开始 汽车 智能 虚拟 仪表 2

转载一篇 一秒启动 linux的文章,基于TI的DM6446的,做智能仪表,可以用得上


All This For 1 Second Boot


Results

Let me give the Results first

Sequence time (uncompressed Kernel) time (compressed Kernel)
U-boot load and start 0.08 0.08
Kernel load 0.52 (0.24 crc32 and 0.28 for copy) 0.35 (0.16 crc32 and 0.19 for copy)
Kernel start and uncompress 0.0 0.66 (for unzip)
Kernel Initialization 0.37 0.38
Init 0 (bypassed init=/bin/ash) 0 (bypassed init=/bin/ash)
Switching Run level and executing init scripts 0 (bypassed init=/bin/ash) 0 (bypassed init=/bin/ash)
Starting Shell 0 (init=/bin/ash) 0 (init=/bin/ash)
Total 0.97 1.47

Message Log with uncompressed kernel (refer Measuring Boot Time)

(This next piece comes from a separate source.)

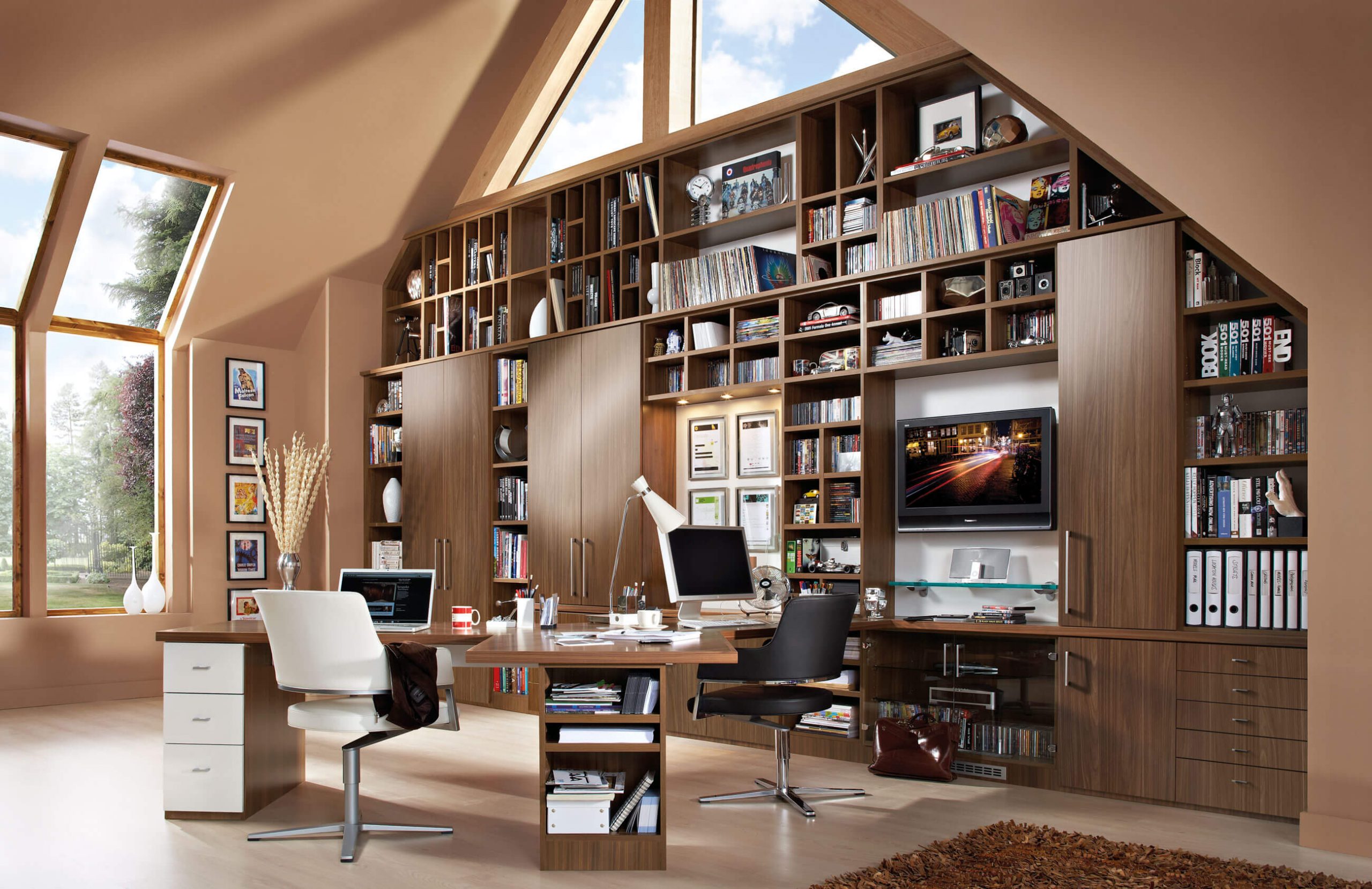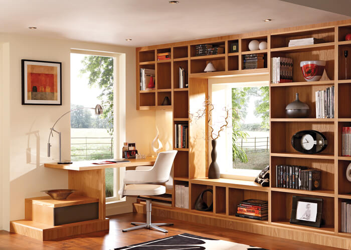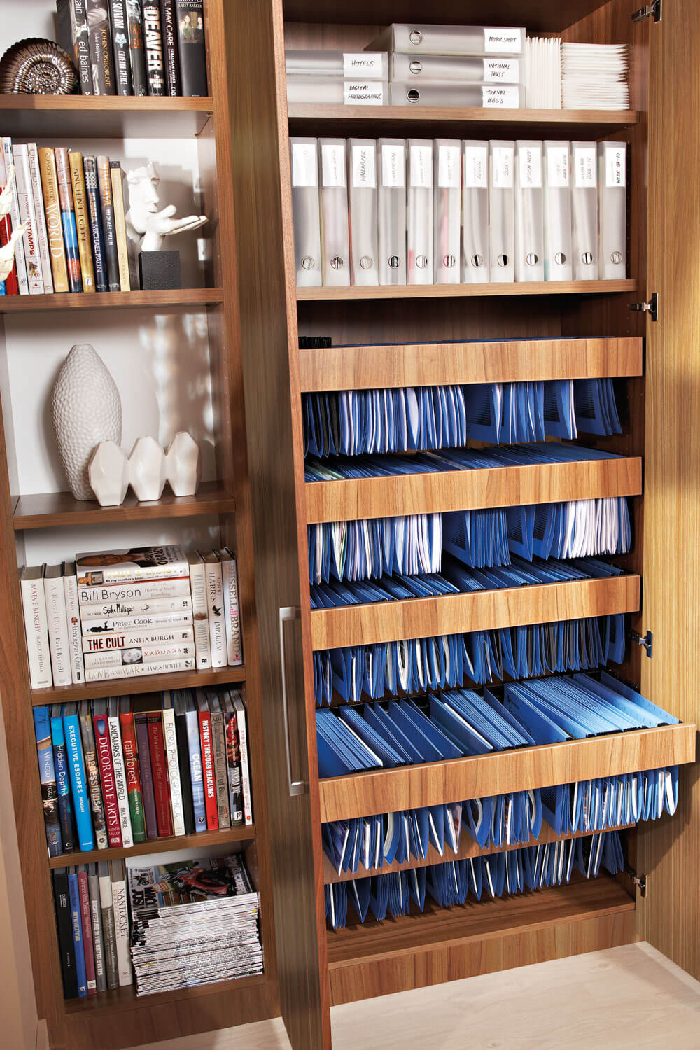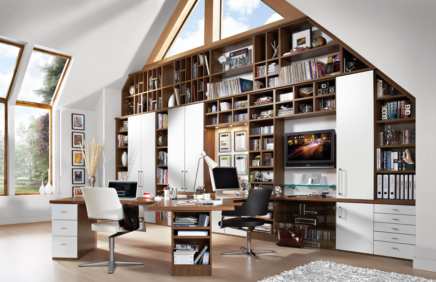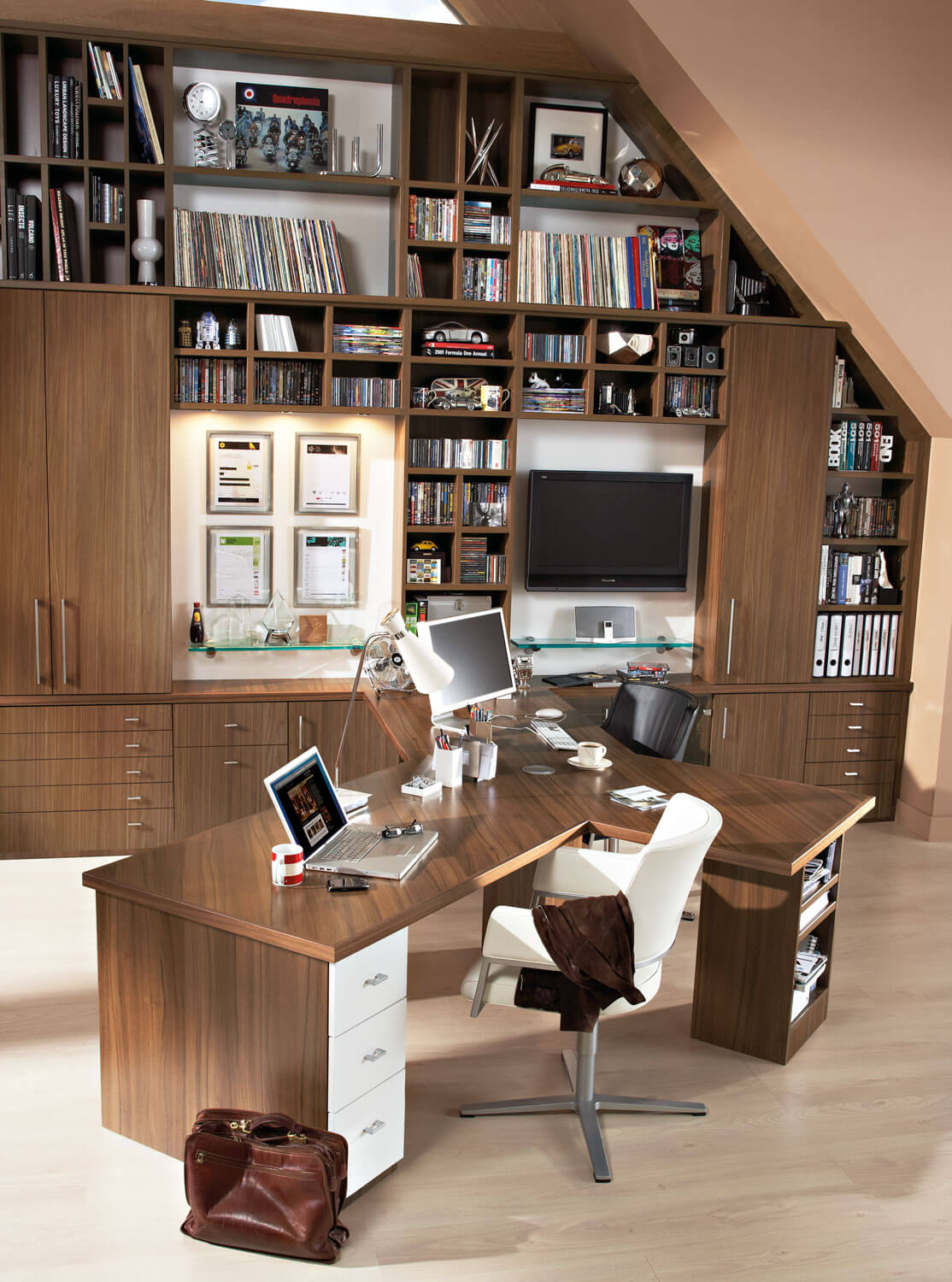 Working from home shouldn’t mean settling for unsightly cabinets and bulky furniture. If you’re looking for fresh home study ideas this stunning design is a modern take on a classic home office. Featuring Continental Doors, Neville Johnson’s exclusive design, shown in walnut and white. It includes an abundance of storage options, so you’ll never need to leave piles of documents on your desk. There really is a place for everything.

$ ./tstamp.exe < /dev/ttyS0

       column1 is elapsed time since first message
       column2 is elapsed time since previous message
       column3 is the message
0.000 0.000:
0.000 0.000:
0.000 0.000: U-Boot 1.2.0 (Jun 23 2008 - 14:53:30)
0.000 0.000:
0.000 0.000: I2C:   ready
0.000 0.000: DRAM:  256 MB
0.000 0.000: MY AMD Flash: 16 MB
0.060 0.060: In:    serial
0.060 0.000: Out:   serial
0.060 0.000: Err:   serial
0.070 0.010: RM Clock :- 297MHz DDR Clock :- 162MHz
1.071 1.001: Hit any key to stop autoboot:   0
1.351 0.280: # Booting image at 80007fc0 ...
1.351 0.000:    Verifying Checksum ...
1.502 0.151: OK
1.502 0.000: OK
1.502 0.000: ## Loading Ramdisk Image at 80900000 ...
1.502 0.000:    Verifying Checksum ...
1.592 0.090: OK
1.602 0.010:
1.602 0.000: Starting kernel ...
1.602 0.000:
1.972 0.370:bin/ash: can't access tty; job control turned off

Note: remember to subtract 1 second bootdelay

Message Log with compressed kernel (refer Measuring Boot Time)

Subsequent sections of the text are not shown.